Les vésicules extracellulaires (EV) produites peuvent également être observées et/ou comptées par cryo-microscopie électronique à transmission. A cet effet, une goutte de 2,7 pL de solution comprenant des vésicules extracellulaires EV est déposée sur une grille adaptée à la cryo-microscopie, puis plongée dans l’éthane liquide, entraînant une congélation quasi-instantanée de ladite goutte, évitant la formation de cristaux de glace. La grille supportant les vésicules extracellulaires (EV) est introduite dans le microscope et les vésicules extracellulaires (EV) sont observées à une température de l’ordre de -170° C.

Séparation des vésicules extracellulaires

Les vésicules extracellulaires (EV) chargées et produites dans le récipient 4 sont susceptibles d’être extraites du récipient (4) par la sortie (9) du récipient (4), suspendues dans du milieu liquide (5). Un filtre (18) peut être agencé à la sortie (9) de manière à filtrer les cellules productrices 6 et les débris cellulaires lors de l’extraction de vésicules extracellulaires EV du récipient (4). Une connectique (13) est fluidiquement reliée à la sortie (9), permettant le transport du milieu liquide (5) comprenant les vésicules extracellulaires (EV) produites.

Le système fluidique (1 ) peut en outre comprendre un séparateur (15) de vésicules extracellulaires (EV). Le séparateur (15) comprend une entrée du séparateur (10), dans laquelle le milieu liquide (5) comprenant des vésicules extracellulaires (EV) issu du récipient (4) peut être acheminé de manière directe ou indirecte. Le séparateur (15) peut également comprendre une première sortie (11 ) du séparateur, par laquelle le milieu liquide (5) est susceptible de sortir du séparateur (15) avec une concentration en vésicules extracellulaires EV plus petite qu’en entrée (10) du séparateur (15), voire sensiblement nulle.

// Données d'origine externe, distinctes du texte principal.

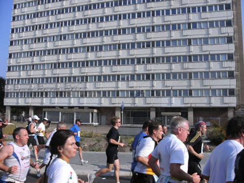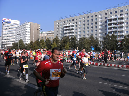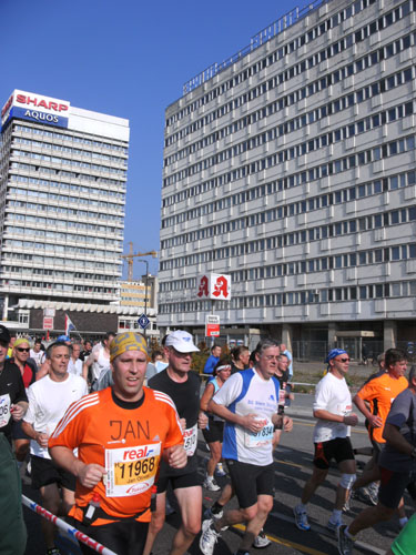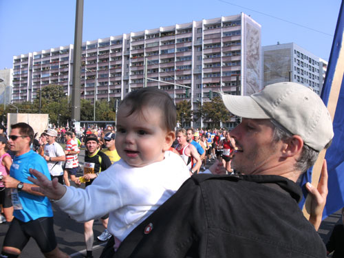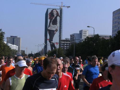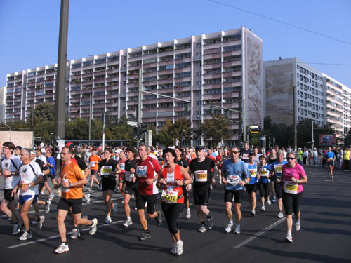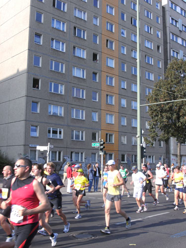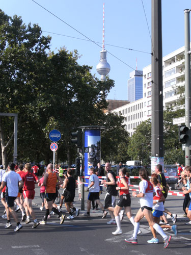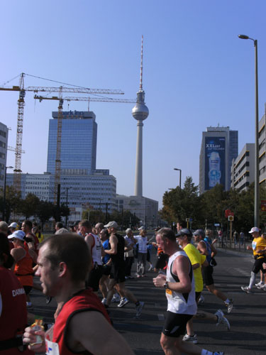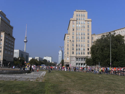 Bei herrlichem Zuschauerwetter geht es weiter in nicht endenden Läufermassen nach Berlin Mitte. Wir laufen in einem großen Bogen um den Alex. Den Fernsehturm sieht man an mehreren Stellen weithin zwischen den Plattenbauten in den Himmel ragen. Wir sind im ehemaligen Ostteil der Stadt, an den charakteristischen Plattenbauten eindeutig zu erkennen.
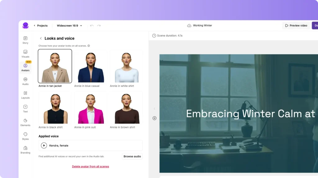 In Pictory, AI avatars are built directly into the video editor. They are not a separate tool or external workflow.

Le séparateur (15) peut également comprendre une deuxième sortie (12) du séparateur (15), par laquelle le milieu liquide (5) est susceptible de sortir du séparateur (15) avec une concentration en vésicules extracellulaires (EV) plus élevée qu’en entrée (10) du séparateur (15).

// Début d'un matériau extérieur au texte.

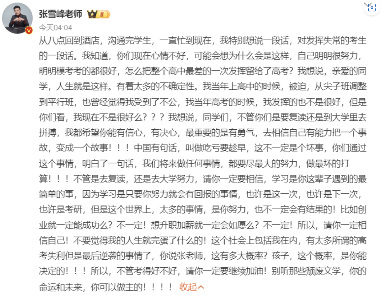 “我知道,你们现在心情不好,可能会想为什么会是这样,自己明明很努力,明明模考考的都很好,怎么把整个高中最差的一次发挥留给了高考?我想说,亲爱的同学,人生就是这样。有着太多的不确定性。同学们,不管你们是要复读还是到大学里去拼搏,我都希望你能有信心,有决心,最重要的是有勇气,去相信自己有能力把一个事故,变成一个故事。不管是去复读,还是去大学努力,请你一定要相信,学习是你这辈子遇到的最简单的事,因为学习是只要你努力就会有回报的事情,也许是这一次,也许是下一次,也许是考研,但是这个世界上,太多的事情,是你努力,也不一定会有结果的!这个社会上包括我在内,有太多所谓的高考失利但是最后逆袭的事情了,你说张老师,这有多大概率?孩子,这个概率,是你能决定的!!!所以,不管考得好不好,请你一定要继续加油!别听那些颓废文学,你的命运和未来,你可以做主的。”
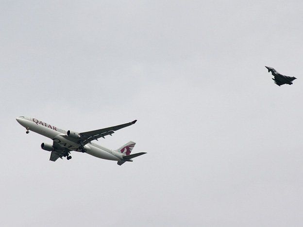 Un hombre fue arrestado y acusado de realizar una falsa alarma de bomba luego que un avión Qatar Airways aterrizó bajo escolta de jets militares en el aeropuerto de Manchester, Inglaterra.
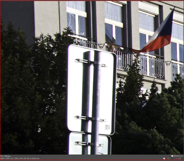 Dobrá zpráva: objektiv je ve středové části obrazu velmi přijatelně ostrý již od nejnižšího clonového čísla 2,8 a nejostřejší na clonových číslech 4 až 8 (nejlepší na 5,6). Na vyšších clonových číslech se již projevuje výrazně difrakce. Co platí o středu, neplatí na nejnižších clonových číslech o rozích snímku. Na clonovém čísle 2,8 jsou rohy dosti rozpatlané, k čemuž přispívá na clonových číslech 2,8 a 4 aberace - je viditelná i přes zapnuté automatické odstranění aberace. Okraje snímku jsou na nejnižších clonách i přes automatické odstranění vinětace viditelně tmavší a vinětaci by bylo nutné ještě ručně doladit. Levý dolní roh je u mého kusu objektivu na clonových číslech 2,8 a 4 podstatně méně ostrý než pravý dolní roh. Závěr: Opět musím opakovat, že výřezy odpovídají tiskové velikosti 120x180 cm a je třeba to vzít vždy při hodnocení v úvahu. Pokud by někdo nabyl dojmu, že jsou to velmi špatné výsledky, není tomu tak, pokud si uvědomíme cenovou kategorii tohoto objektivu. Potěšitelné je, že je ve středu ostrý již od clonového čísla 2,8 a od clonového čísla 4 do 8 obdržíte výborné výsledky téměř v celé ploše obrazu. Stejně tak okraje snímku mimo úplných rohů jsou na tom také podstatně lépe, jak dokládá následující snímek pořízený na clonové číslo 2,8:
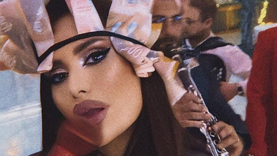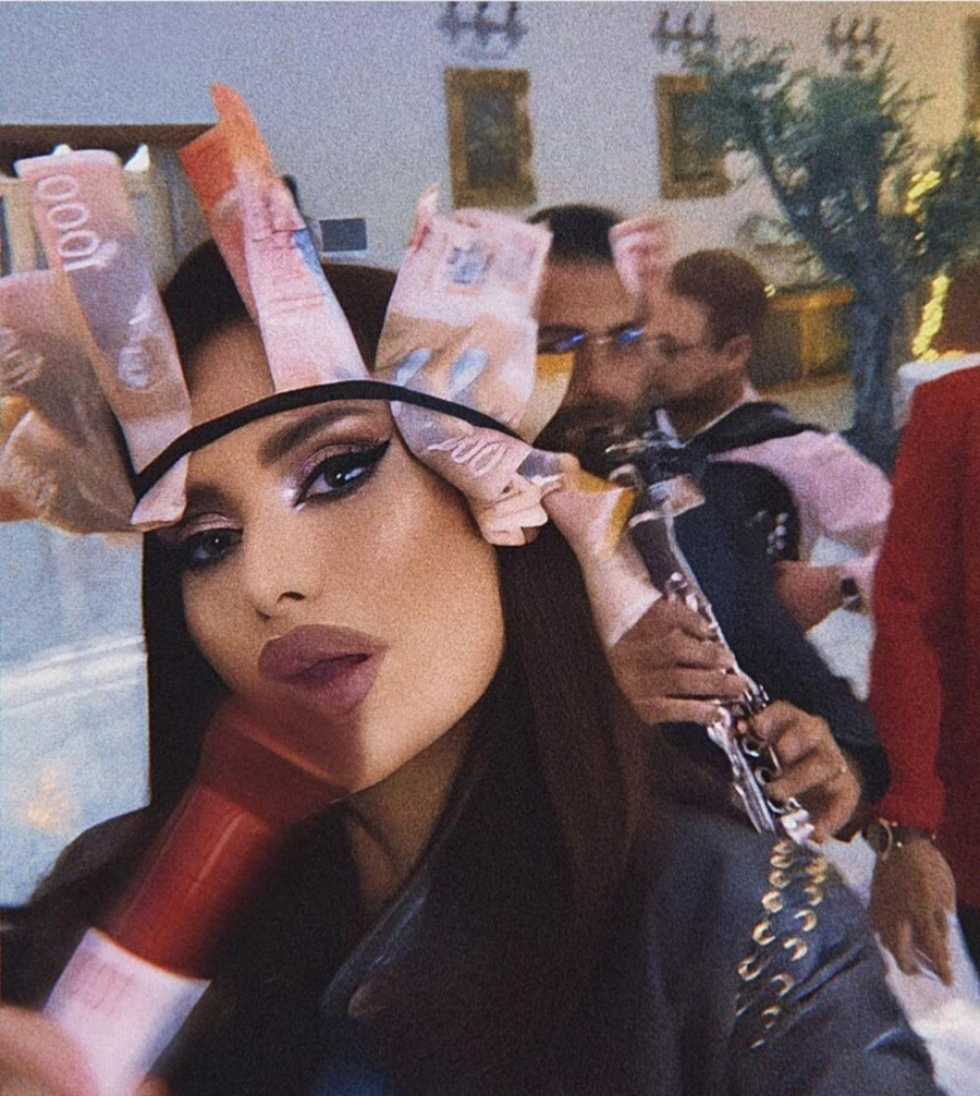 Na slici Indi pozira držeći mikrofon, ali i novčanice od hiljadu dinara ugurane u traku koju je nosila na glavi. Slika je nastala na jednom privatnom veselju na kojem je nastupala s muzičarima, a neimenovani izvor otkriva da je pored dinara na glavi, u ruci držala evre i dolare.

De manière générale, le séparateur (15) de vésicules extracellulaires EV peut être relié fluidiquement au récipient (4) de manière à être susceptible de réintroduire un milieu liquide (5) appauvri en vésicules EV dans le récipient (4), par exemple par l’entrée (8) du récipient (4). Ainsi, la production et/ou l’extraction de vésicules extracellulaires (EV) chargées peu(ven)t être réalisée(s) de manière continue, à volume de milieu liquide (5) sensiblement constant dans le récipient (4). Selon un mode de réalisation alternatif, le système fluidique ne comprend pas de séparateur (15) de vésicules extracellulaires (EV) ou le système fluidique comprend un séparateur (15) de vésicules extracellulaires (EV) pouvant être relié fluidiquement ou non, par exemple par l’intermédiaire d’un moyen de fermeture dudit séparateur (15), au récipient (4). Ainsi, la production et/ou l’extraction de vésicules extracellulaires (EV) chargées peu(ven)t être réalisée(s) de manière discontinue ou continu en fonction de l’ouverture ou fermeture du moyen de fermeture disposé en amont du séparateur (15).

Dans l’exemple de réalisation d’un système fluidique (1 ) illustré dans la figure 1 ou 2, le milieu liquide (5) peut être extrait du récipient 4 par une première pompe (16), via une connectique (13), de manière à transporter le milieu liquide (5) dans un collecteur (19). Une autre pompe (16’) permet d’acheminer le milieu liquide (5) contenu dans le collecteur (19) à l’entrée (10) du séparateur (15), via une autre connectique. La

première sortie (11 ) du séparateur (15) est reliée au récipient 4 via une connectique, de manière à réintroduire du milieu liquide (5) appauvri en vésicules extracellulaires (EV) dans le récipient (4). La deuxième sortie (12) du séparateur (15) est reliée au collecteur (19) via une connectique, de manière à enrichir le milieu liquide (5) contenu dans le collecteur (19) en vésicules extracellulaires (EV). Dans une variante, l’entrée (10) du séparateur (15) peut être directement reliée à la sortie (9) du récipient (4) (ou par l’intermédiaire d’une première pompe (16)). La première sortie (11 ) du séparateur (15) est reliée au récipient (4) et la deuxième sortie (12) du séparateur (15) est reliée au collecteur 19. Plusieurs séparateurs peuvent également être disposés en série pour faire varier le degré de séparation en vésicules extracellulaires (EV) dans le milieu liquide (5), et/ou en parallèle pour adapter le débit de milieu liquide 5 dans chaque séparateur (15) au débit d’une première pompe (16).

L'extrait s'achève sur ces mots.